* Assignment:
Exact copy, no pictures: output all the records that follow.

* Information:
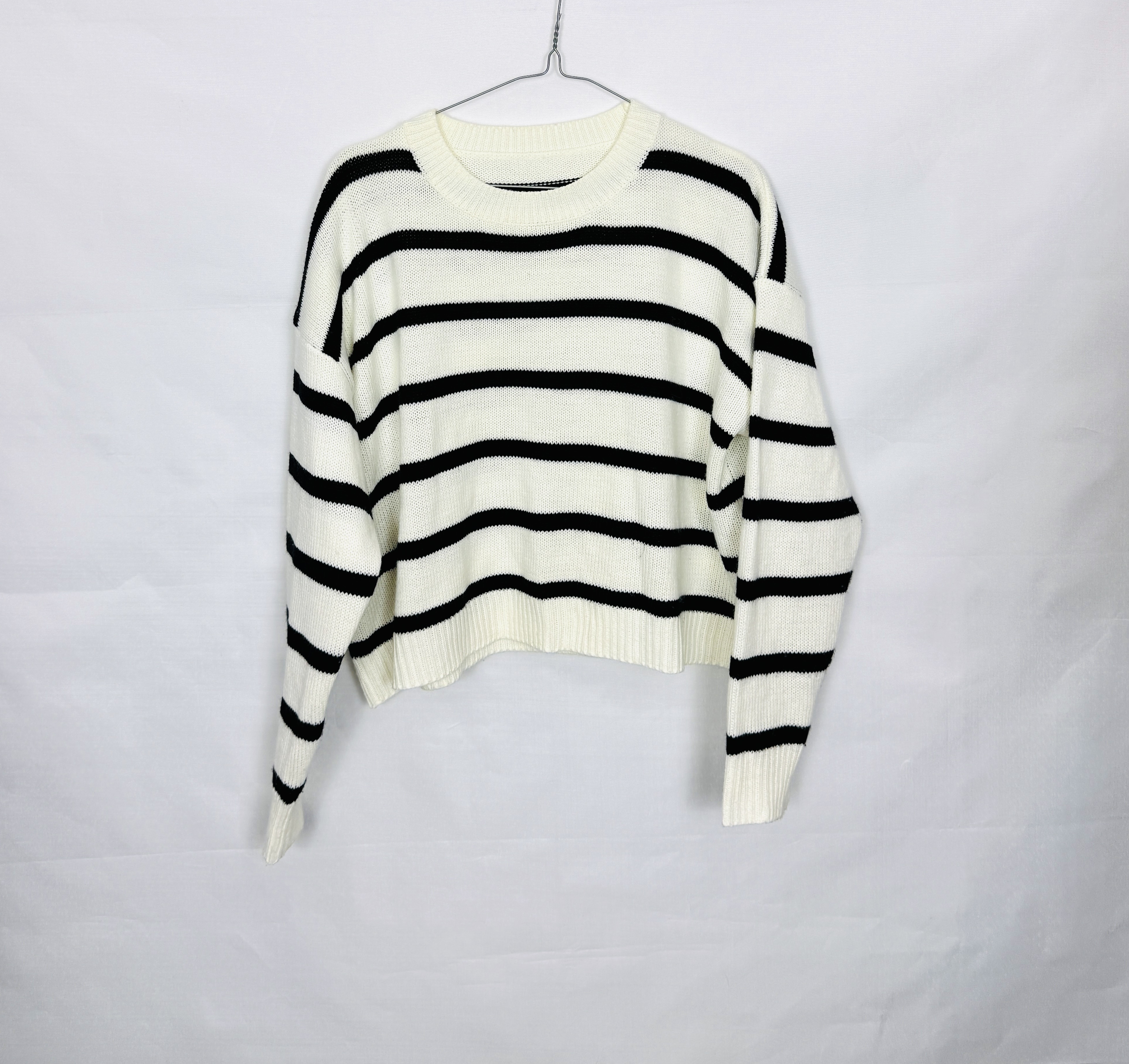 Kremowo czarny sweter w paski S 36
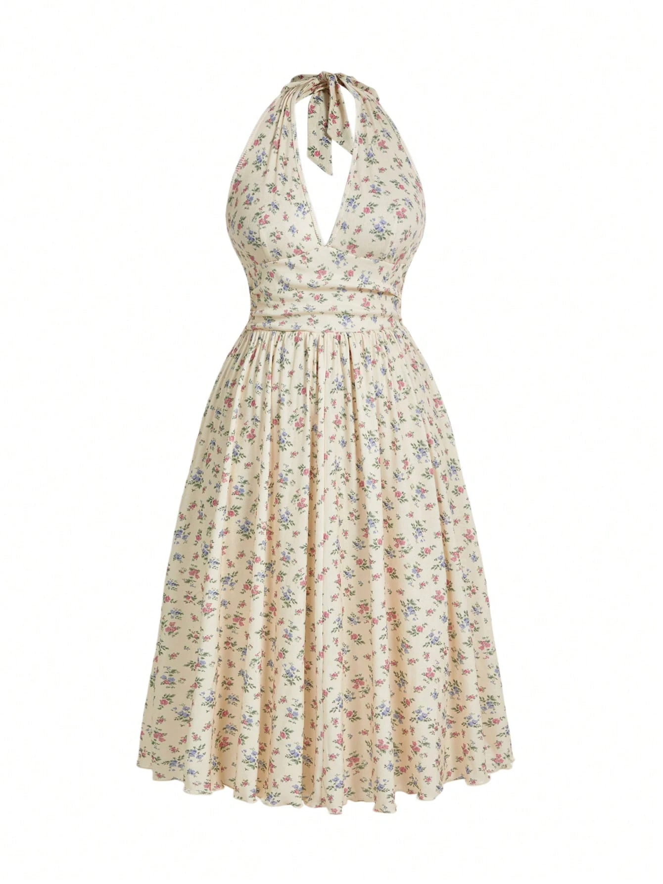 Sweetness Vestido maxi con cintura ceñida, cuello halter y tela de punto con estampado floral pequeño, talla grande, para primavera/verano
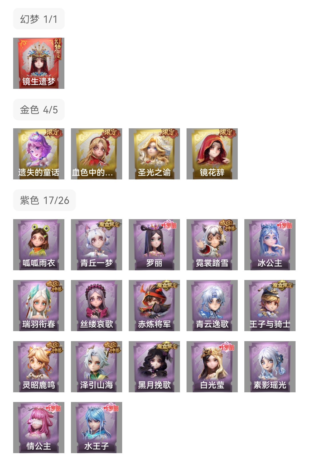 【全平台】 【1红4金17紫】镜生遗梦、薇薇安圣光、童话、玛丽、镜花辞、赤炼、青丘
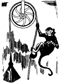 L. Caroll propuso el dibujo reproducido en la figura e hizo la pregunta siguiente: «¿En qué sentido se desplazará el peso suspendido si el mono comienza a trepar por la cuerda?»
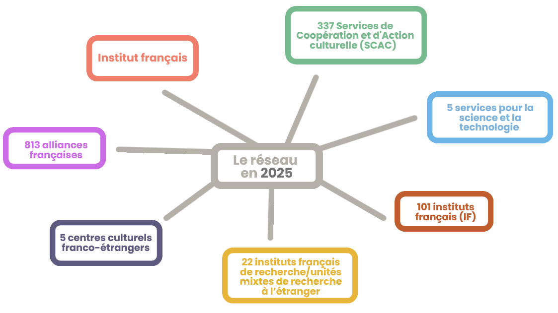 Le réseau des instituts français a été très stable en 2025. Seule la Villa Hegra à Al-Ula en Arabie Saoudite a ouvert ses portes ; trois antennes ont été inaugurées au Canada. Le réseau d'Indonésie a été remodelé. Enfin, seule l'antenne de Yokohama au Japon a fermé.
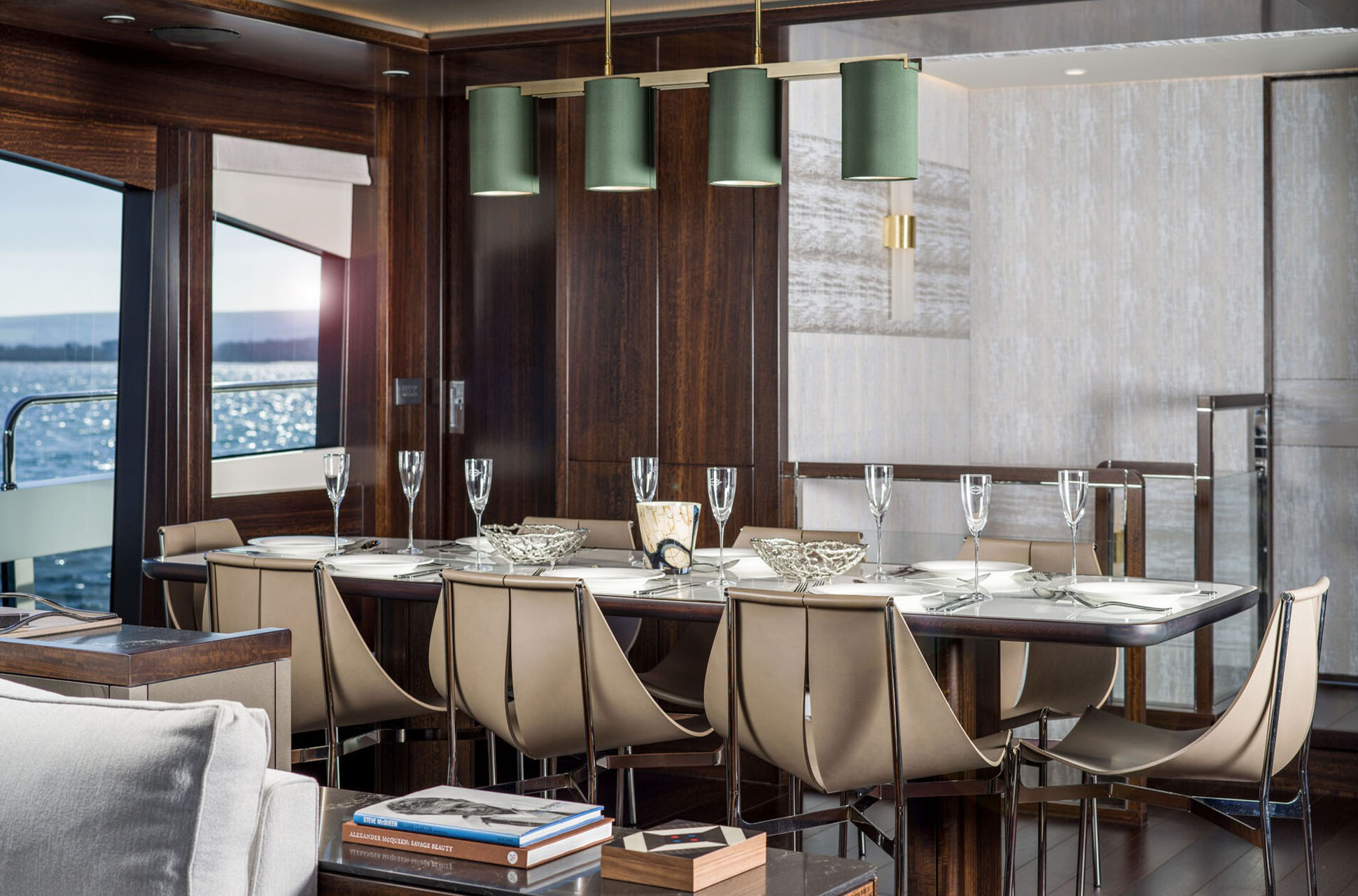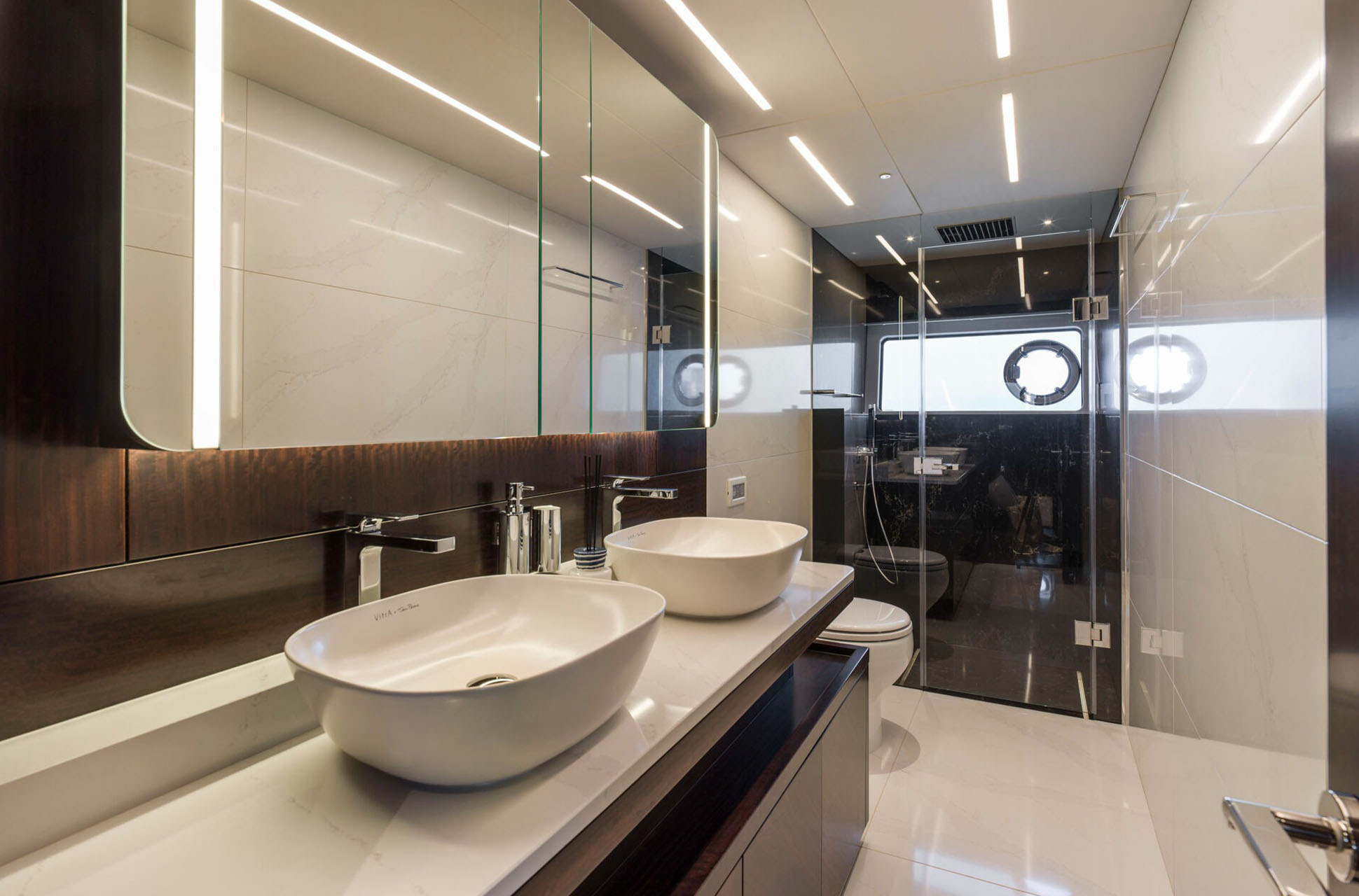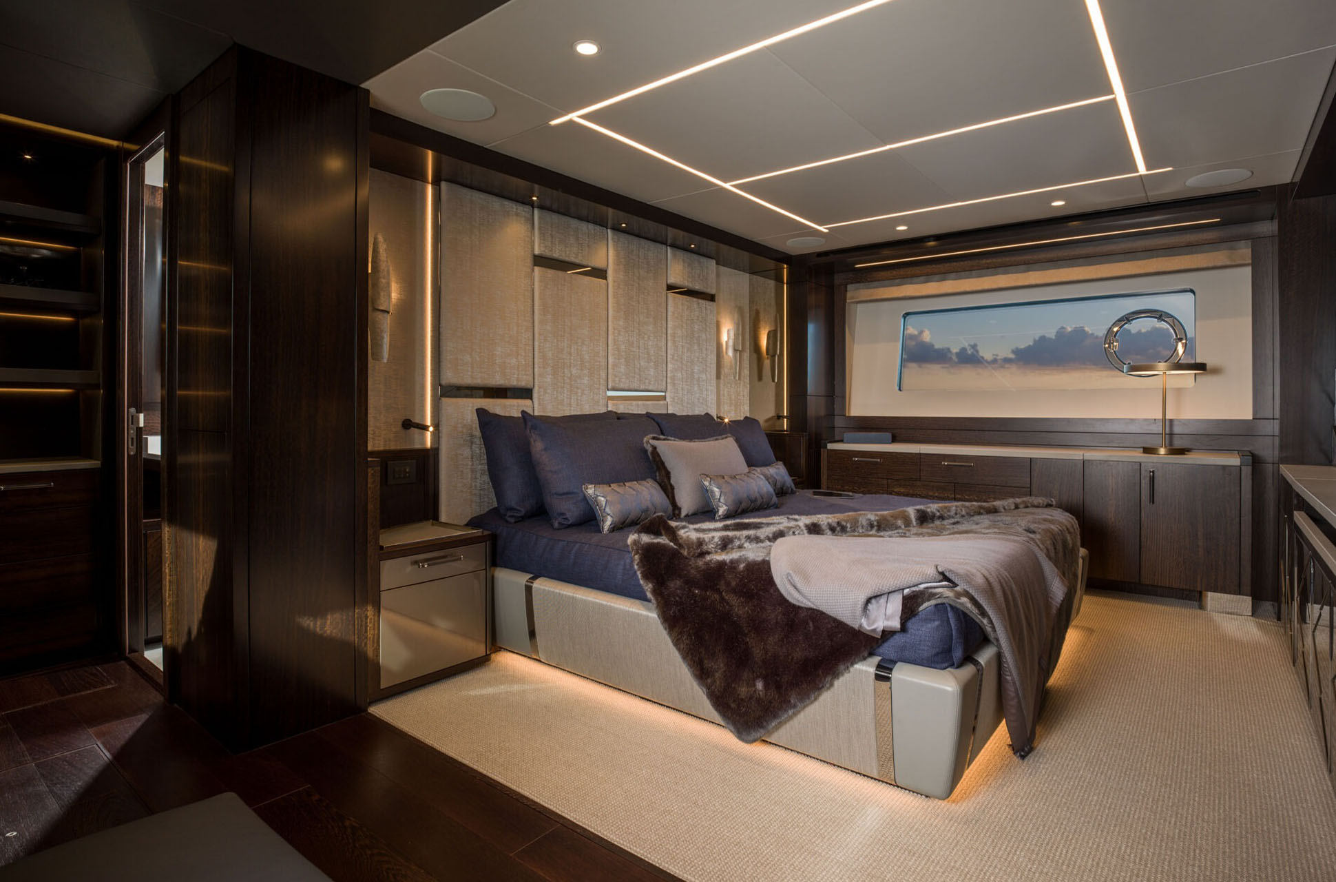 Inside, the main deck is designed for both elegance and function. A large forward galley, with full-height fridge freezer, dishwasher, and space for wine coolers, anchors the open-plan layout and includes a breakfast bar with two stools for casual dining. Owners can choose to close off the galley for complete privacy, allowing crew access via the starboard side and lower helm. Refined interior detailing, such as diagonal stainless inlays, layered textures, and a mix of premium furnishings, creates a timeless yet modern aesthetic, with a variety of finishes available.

* Response to the task:
 Kremowo czarny sweter w paski S 36
 Sweetness Vestido maxi con cintura ceñida, cuello halter y tela de punto con estampado floral pequeño, talla grande, para primavera/verano
 【全平台】 【1红4金17紫】镜生遗梦、薇薇安圣光、童话、玛丽、镜花辞、赤炼、青丘
 L. Caroll propuso el dibujo reproducido en la figura e hizo la pregunta siguiente: «¿En qué sentido se desplazará el peso suspendido si el mono comienza a trepar por la cuerda?»
 Le réseau des instituts français a été très stable en 2025. Seule la Villa Hegra à Al-Ula en Arabie Saoudite a ouvert ses portes ; trois antennes ont été inaugurées au Canada. Le réseau d'Indonésie a été remodelé. Enfin, seule l'antenne de Yokohama au Japon a fermé.
 Inside, the main deck is designed for both elegance and function. A large forward galley, with full-height fridge freezer, dishwasher, and space for wine coolers, anchors the open-plan layout and includes a breakfast bar with two stools for casual dining. Owners can choose to close off the galley for complete privacy, allowing crew access via the starboard side and lower helm. Refined interior detailing, such as diagonal stainless inlays, layered textures, and a mix of premium furnishings, creates a timeless yet modern aesthetic, with a variety of finishes available.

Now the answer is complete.